====== Record excerpts ======
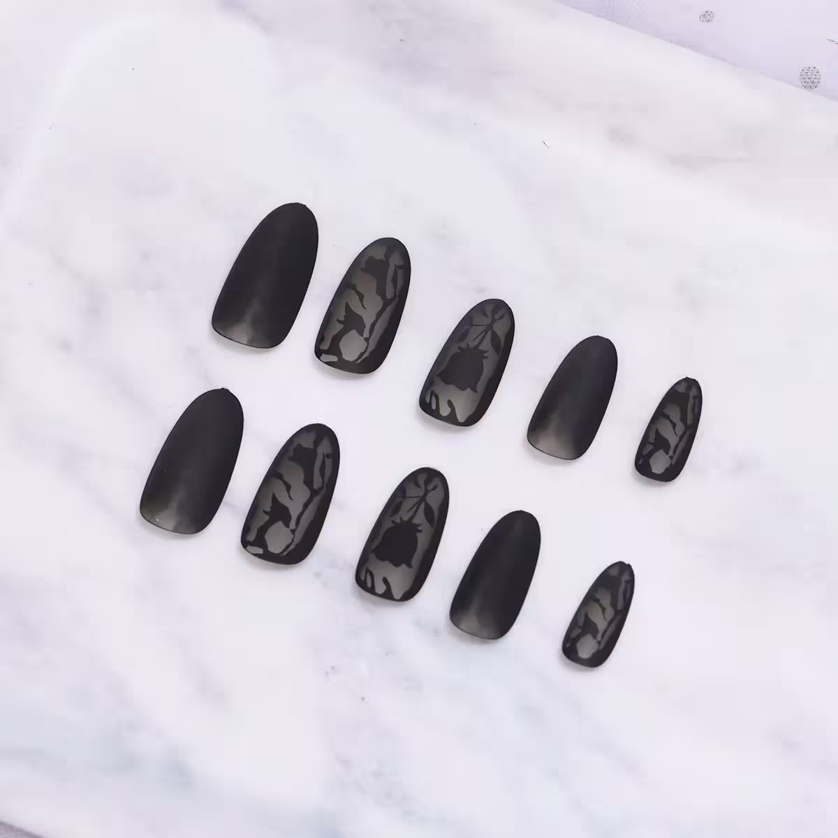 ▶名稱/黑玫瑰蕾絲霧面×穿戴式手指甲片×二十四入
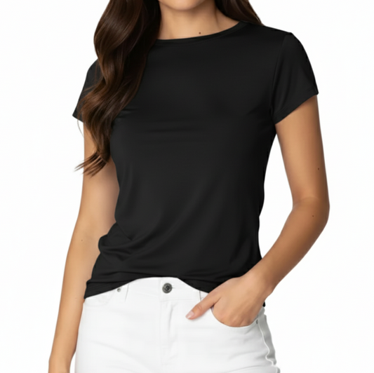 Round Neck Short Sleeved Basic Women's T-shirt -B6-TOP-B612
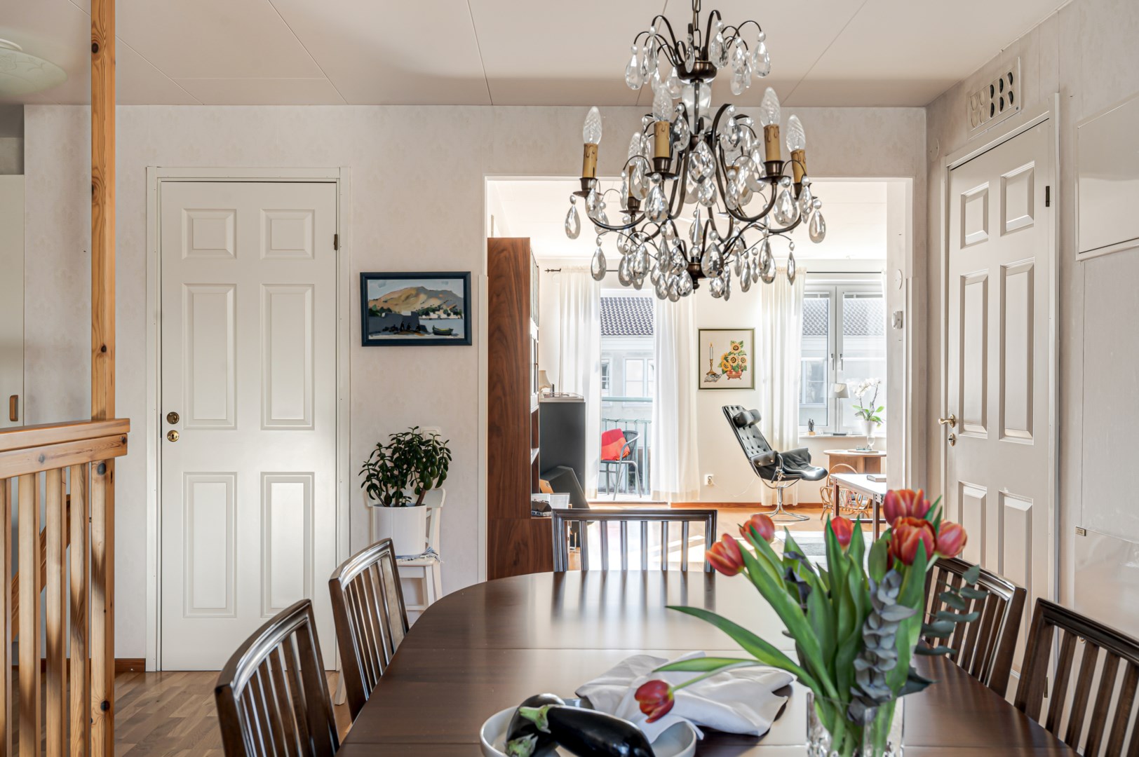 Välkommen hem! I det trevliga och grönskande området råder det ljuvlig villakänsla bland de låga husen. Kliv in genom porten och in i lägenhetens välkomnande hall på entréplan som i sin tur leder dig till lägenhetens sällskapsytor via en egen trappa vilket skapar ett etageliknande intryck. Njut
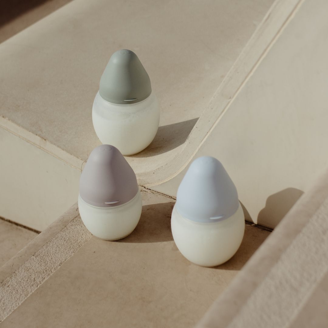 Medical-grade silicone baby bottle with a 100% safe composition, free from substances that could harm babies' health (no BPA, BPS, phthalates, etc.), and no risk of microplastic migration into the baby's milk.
======
====== Record excerpts ======
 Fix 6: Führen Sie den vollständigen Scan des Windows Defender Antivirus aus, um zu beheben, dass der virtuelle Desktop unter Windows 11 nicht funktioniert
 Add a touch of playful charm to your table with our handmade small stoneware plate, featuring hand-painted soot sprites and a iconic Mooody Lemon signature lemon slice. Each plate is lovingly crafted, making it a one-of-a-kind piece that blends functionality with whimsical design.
======
### What to produce
Using the listing above, copy exactly the line that contains "Fix 6: Führen", the line that contains "Add a touch", and each line that falls between them.

### Your response
 Fix 6: Führen Sie den vollständigen Scan des Windows Defender Antivirus aus, um zu beheben, dass der virtuelle Desktop unter Windows 11 nicht funktioniert
 Add a touch of playful charm to your table with our handmade small stoneware plate, featuring hand-painted soot sprites and a iconic Mooody Lemon signature lemon slice. Each plate is lovingly crafted, making it a one-of-a-kind piece that blends functionality with whimsical design.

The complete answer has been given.